Since my brother flaked out for Grey Cup, I took my always-available sales guy Carl Piro.
He flew in all the way from Toronto for the game and a fun weekend away.
My lovely wife Natalia dropped us off at the LRT so that we could take the train back and forth to the game.
I can't believe I forgot my camera at Riderville on the Friday night though. Wow, was that out of control!
So much so that Mr Piro is a little bit hungover in this photo.
Video of Carl hungover
Here is Carl trying really hard to not yak before we even went into the stadium. I was buying a
T-shirt for my friend Kate, standing in line, and I looked over and saw this pile of flesh looking
like a million bucks.
Video of Carl trying to rally
I know it's shocking that I found a mullet at this event.
I thought this sign was funny - especially since Carl and I had a case of Pilsner in our pockets
and our jackets. I actually got totally busted inside the Stadium drinking from my Pil -
"Um, sir, we don't serve that beer in the Stadium...".

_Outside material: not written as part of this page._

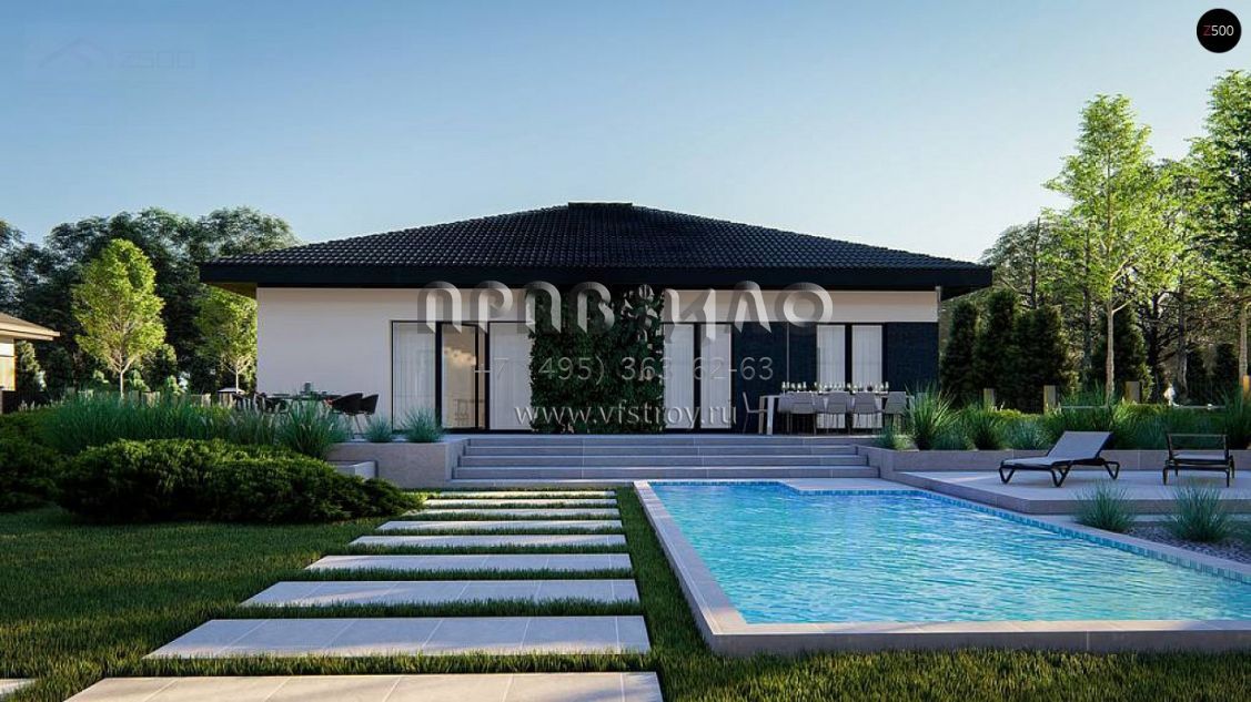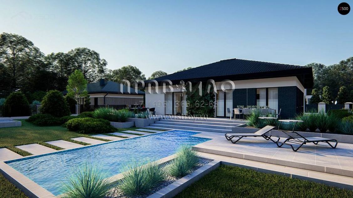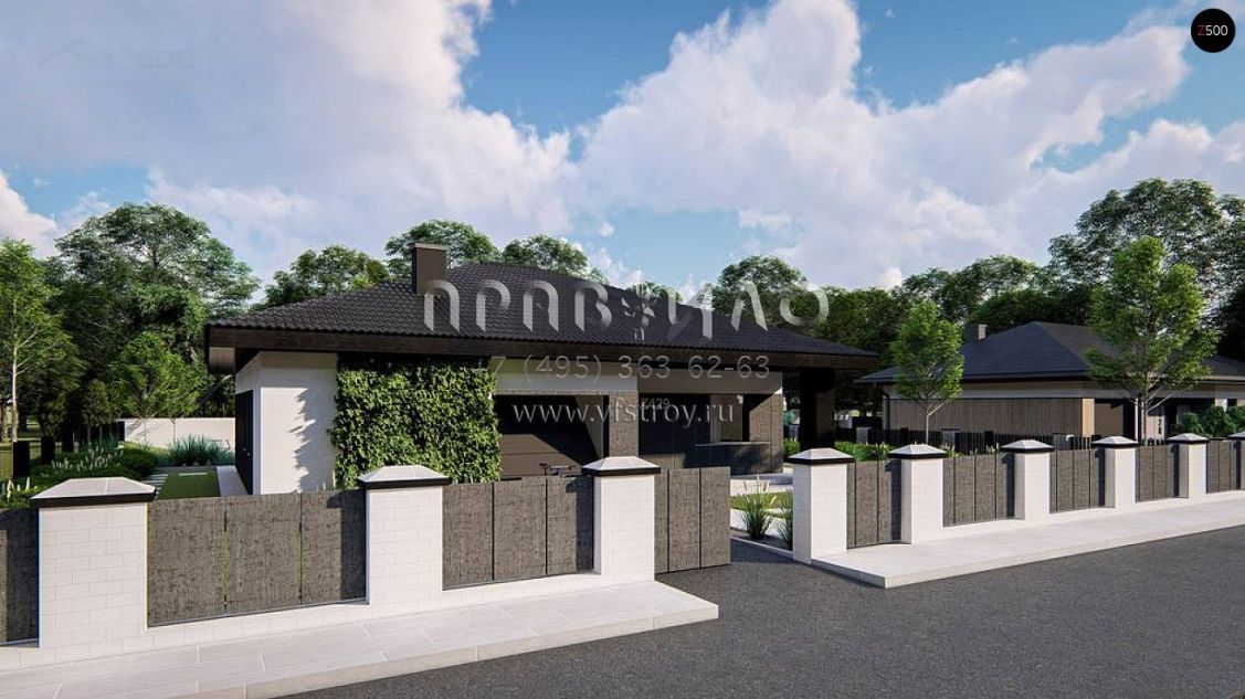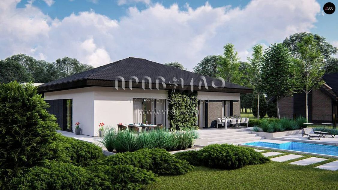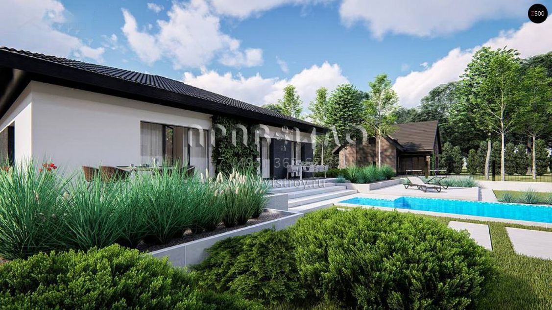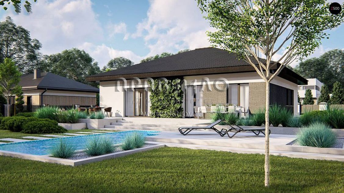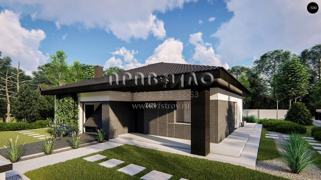 Проект комфортабельного одноэтажного дома с гостиной, двумя спальнями, гаражом и просторной террасой S3-127-7 (Z429)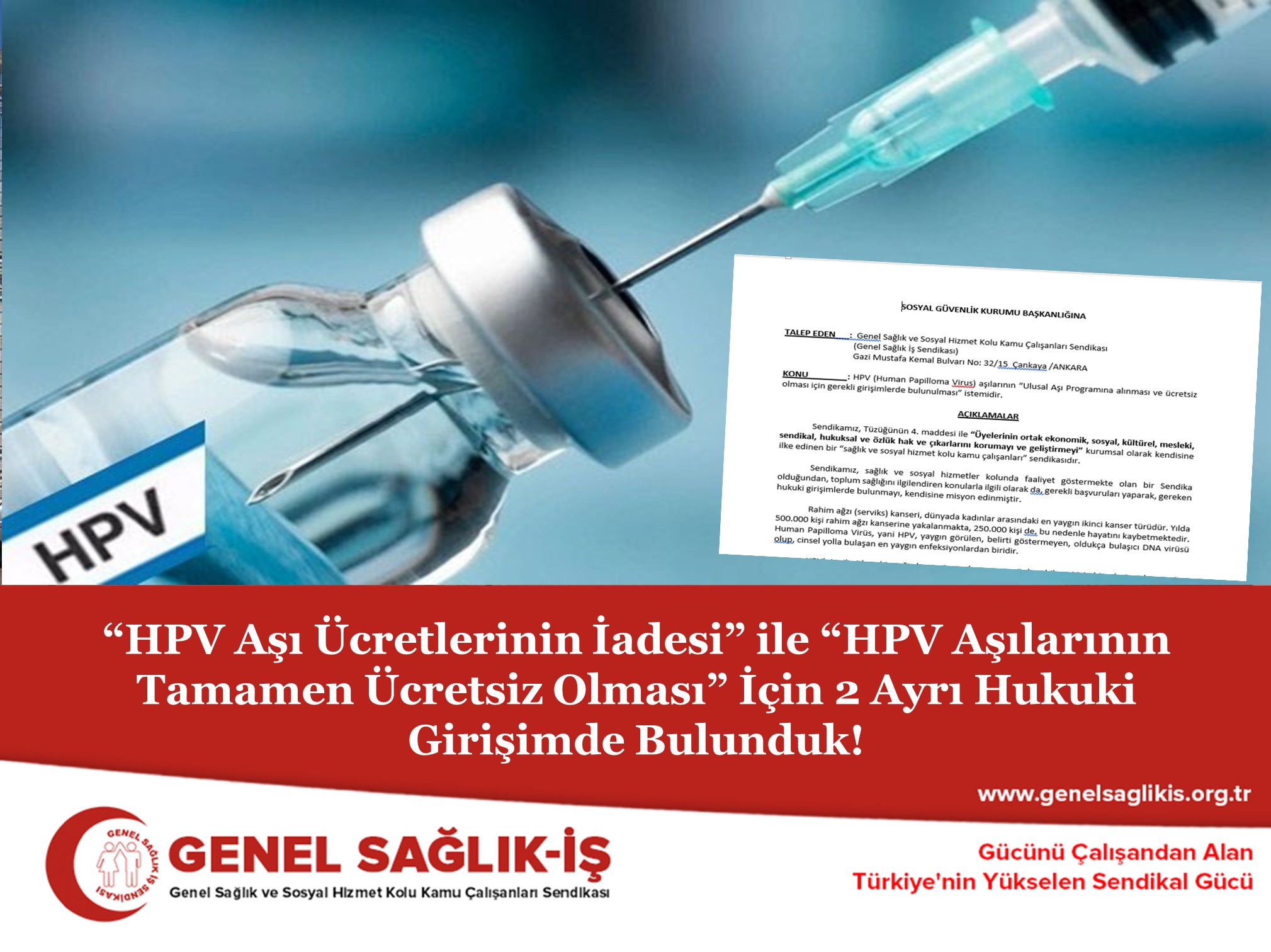 HPV aşılarının Ulusal Aşı Programında yer almaması nedeniyle, HPV aşı ücretlerinin ödenmesi ile bu aşıların ücretsiz olarak uygulanmasının sağlanması adına Genel Sağlık-İş tarafından iki farklı hukuki girişimde bulunulmuştur.

The sad part about this sign is that I would've normally looked at it and screamed - "Yeah,
GO RIDERS!" Sadly, this sign has new meaning since the Riders lost the Grey Cup due to the
presence of an extra man on the field on the last minute field goal attempt from the Alouettes.
Carl, at warmups at McMahon Stadium. I didn't have the heart to tell him that his toque is
super gay. Oh, who am I kidding, of course I told him! He just doesn't care how gay he looks.
Two members of the Movember Club at the game.
Natalia would call this cotton candy sky.
Another mullet. It's not quite a Nascar event, but pretty close.
Video of the Half-Time Show
I took a photo of the trophy when I thought we were going to win it.
After our sullen departure from the game (I've never seen the air get sucked faster out of a stadium
before), we walked to another LRT stop rather than wait for the one at the stadium. I happened to catch
Piro dropping some pee. Thank goodness for a flap of his jacket!